To determine the immediate effect of oxygen supplementation on patients with IPF, we identified a total of 396 patients in four studies who demonstrated an increase in exercise capacity for the group receiving supplemental oxygen (SMD 0.42, 95% CI 0.08–0.75, I²=57%, GRADE assessment of “low” as per borderline consistency and publication bias). The mean 6MWT difference was 48.2 m (95% CI 5.5–91 m) (figure 3).

Effect of oxygen *versus* placebo supplementation on immediate exercise capacity for patients with idiopathic pulmonary fibrosis. Corresponding references for the studies cited in the figure are available in the supplementary material. 6MWT: 6-min walk test; CPCT: constant power cycle test; DL: DerSimonian and Laird; IMCT: incremental maximal cycle test; O₂: number of patients on oxygen; Pl: number of patients on placebo; RCT: randomised control trial; RoB: risk of bias; SMD: standardised mean difference

We identified no difference between study participants with COPD receiving or not receiving supplemental oxygen during cardiopulmonary rehabilitation for post-rehabilitation exercise capacity (five studies, 231 total patients, SMD 0.15, 95% CI −0.27–0.57, I²=56%, GRADE assessment of “moderate” as per study limitations and borderline consistency). The mean 6MWT difference was 18.3 m (95% CI −33–69.7 m) (figure 4).
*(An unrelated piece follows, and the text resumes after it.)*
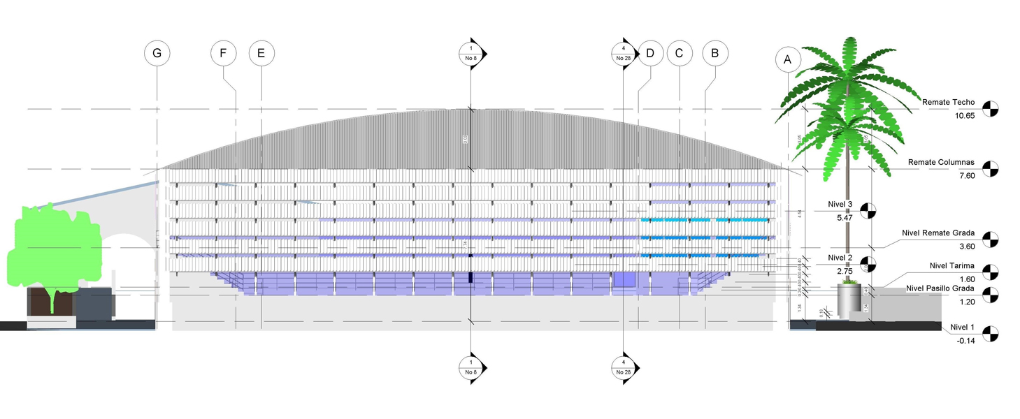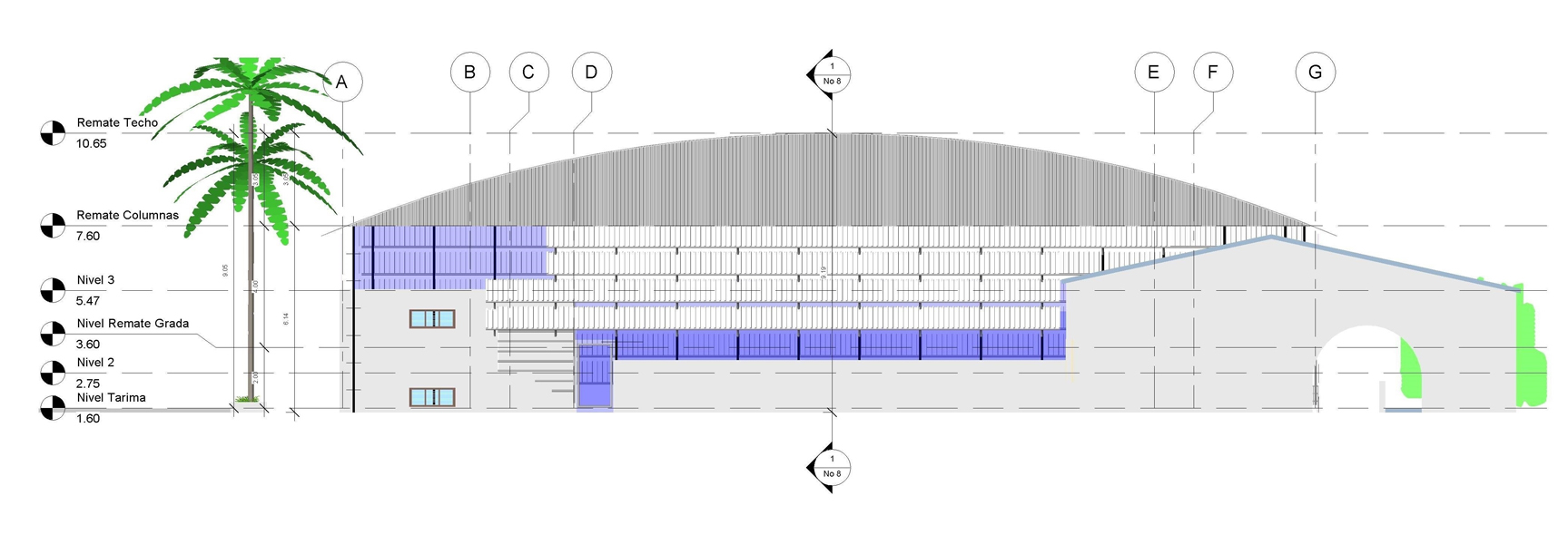 Salón Multiuso para recreación y eventos del Colegio Claret, con capacidad para Aprox. 600 personas. Trabajo realizado en colaboración con los ingenieros Anderson Martínez y Adad Martínez de Constructora Marli.

Effect of oxygen *versus* placebo supplementation on post-rehabilitation exercise capacity for patients with COPD. Corresponding references for the studies cited in the figure are available in the supplementary material. 6MWT: 6-min walk test; DL: DerSimonian and Laird; ESWT: endurance shuttle walk test; O₂: number of patients on oxygen; Pl: number of patients on placebo; RCT: randomised control trial; RoB: risk of bias; SMD: standardised mean difference.

To assess the short-term, ambulatory effect of oxygen supplementation during exercise on patients with COPD, we identified no difference between the groups in exercise capacity (five studies, 474 total patients, SMD 0.21, 95% CI −0.10–0.53, I²=59%, GRADE assessment of “moderate” as per inconsistency). The mean 6MWT difference was 23.3 m (95% CI −11.1–58.9 m) (figure 5).

Effect of oxygen *versus* placebo supplementation on short-term ambulatory exercise capacity for patients with COPD. Corresponding references for the studies cited in the figure are available in the supplementary material. 6MWT: 6-min walk test; A5MWT: Ambulatory 5-min walk test; DL: DerSimonian and Laird; ESWT: endurance shuttle walk test; O₂: number of patients on oxygen; Pl: number of patients on placebo; RCT: randomised control trial; RoB: risk of bias; SMD: standardised mean difference.

Secondary outcome: exercise dyspnoea

To determine the immediate effect of oxygen supplementation on patients with COPD, we identified a total of 200 patients in five studies who demonstrated a decrease in exercise dyspnoea in the supplemental oxygen group (SMD −0.40, 95% CI −0.76–−0.04, I²=31%, GRADE assessment of “low” as per study limitations and publication bias) (figure E1A).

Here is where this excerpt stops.